Event times below are displayed in PT.
Determining whether online users are authorized to access digital objects is central to preserving privacy. This talk presents the design, implementation, and deployment of Zanzibar, a global system for storing and evaluating access control lists. Zanzibar provides a uniform data model and configuration language for expressing a wide range of access control policies from hundreds of client services at Google, including Calendar, Cloud, Drive, Maps, Photos, and YouTube. Its authorization decisions respect causal ordering of user actions and thus provide external consistency amid changes to access control lists and object contents. Zanzibar scales to trillions of access control lists and millions of authorization requests per second to support services used by billions of people. It has maintained 95th-percentile latency of less than 10 milliseconds and availability of greater than 99.999%% over 3 years of production use.

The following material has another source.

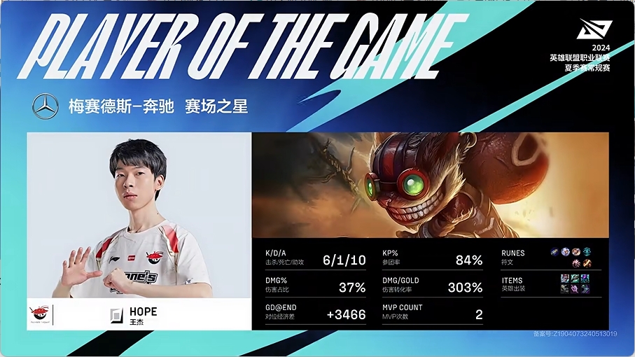 第7分鐘,Kaisa通過上路gank懲罰超出範圍的獨眼女超人。獨眼女超人試圖使用E逃脫,但Kaisa果斷地使用大招打斷他,並成功追殺他,給了Kaisa第一滴血。

Autonomous vehicles generate a lot of raw (unlabeled) data every minute. However, only a small fraction of that data can we labeled manually. My talk will focus on how we leverage the unlabeled data for the tasks for perception and prediction in a self-supervised manner. There are few unique ways to achieve this in the AV land: one of them is cross-modal self-supervised learning, where one modality can serve as a learning signal for another modality without the need for labeling (such as using depth from LiDAR to train monocular depth neural network on images). Another approach that is unique to AVs, is by using the outputs from large scale optimization (that can only run in non-real-time in the cloud such as SLAM) as a learning signal to train neural networks that mimick their outputs but can run in real-time on the AV. The talk will also touch upon how we can leverage the Lyft fleet to oversample the long tail events and hence learn the long tail.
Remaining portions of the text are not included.